According to the nine Martinique principles [27], the goals of 131-I therapy must be defined, as remnant ablation, adjuvant treatment, or treatment of known disease; the importance of evaluating postoperative disease status and multiple other factors beyond clinicopathologic staging assessments in 131-I, including serum Tg measurement, neck ultrasonography and diagnostic radioactive iodine scanning [4], therapy decision making should be described; it should be recognized that the optimal administered activity of 131-I adjuvant treatment cannot be definitely determined from the published literature. Until definitive data are available, selection of the administered 131-I activity for individual adjuvant treatment should be preferably based on multidisciplinary team management recommendations [27].

Various definitions of ablation success concerning stimulated Tg has been used in studies investigating the longer-term recurrence of DTC. According to the 2015 ATA management guidelines for differentiated thyroid cancer, after total thyroidectomy and radioiodine ablation, an excellent response was defined as TSH-stimulated Tg of < 1 μg/mL [4, 28]. Biochemical incomplete response was defined as TSH- stimulated Tg of ≥10 ng/mL; 20% of which develop structural disease, and less than 1% disease specific death [4]. In the primary studies, which we included in our meta-analysis, the ablation success was defined as TSH-stimulated Tg < 2 ng/mL or ≤ 1 ng/mL, respectively, in three trials [3, 19, 21] and as Tg < 10 ng/mL in one trial [20]; which is concurring with the 2015 ATA guidelines [4].

Kukulsa et al. [20] defined TSH-stimulated Tg of < 10 ng/ml (a gray zone) as successful ablation, in agreement with the ATA management guidelines, not as excellence response, but at least not as suspicious of biochemical incomplete response. Our subgroup analysis regarding the TSH-stimulated thyroglobulin values (< 10 ng/mL versus < 2 ng/mL versus ≤1 ng/mL) showed no influence on longer-term recurrence rate (Fig. 4). The 2015 ATA guideline recommend in low-risk and intermediate-risk patients (recommendation No. 63) who have had remnant ablation, measurement of Tg at 16–18 months after TSH stimulation to verify absence of disease (defined as excellence response) [4]. Hence, in further primary studies investigating the long-term recurrence of DTC, for TSH stimulated Tg a cut-off of < 1 ng/mL should be used.

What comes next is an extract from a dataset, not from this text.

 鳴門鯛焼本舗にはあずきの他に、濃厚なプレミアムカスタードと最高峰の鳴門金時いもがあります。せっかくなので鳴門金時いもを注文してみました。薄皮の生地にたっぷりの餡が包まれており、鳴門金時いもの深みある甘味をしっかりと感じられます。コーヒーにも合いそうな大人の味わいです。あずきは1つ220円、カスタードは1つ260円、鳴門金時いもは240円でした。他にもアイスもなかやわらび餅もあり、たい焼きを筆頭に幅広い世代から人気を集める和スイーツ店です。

In our study there are some limitations. First one is the small number of included trials. However, currently in the literature there exists only four trials, which meets our inclusion criteria. Second, we cannot exclude publication bias; the visual interpretation of funnel plots may be too subjective, and even in absence of asymmetry in funnel plot, bias cannot be excluded. We did not performed the Egger’s regression test, as it has a low power when the number of studies included is small [15]. Third, due to the small number of trials, the information given by the subgroup analyses is limited.

Conclusions

Our results indicate that the longer-term (median follow-up period 4.3–10 years) recurrence rate among patients who had low radioactive iodine ablation was not higher than for high dose. However, because of the small number of published trials on this issue, further appropriate RCTs analyzing the long-term recurrence after DTC are necessary.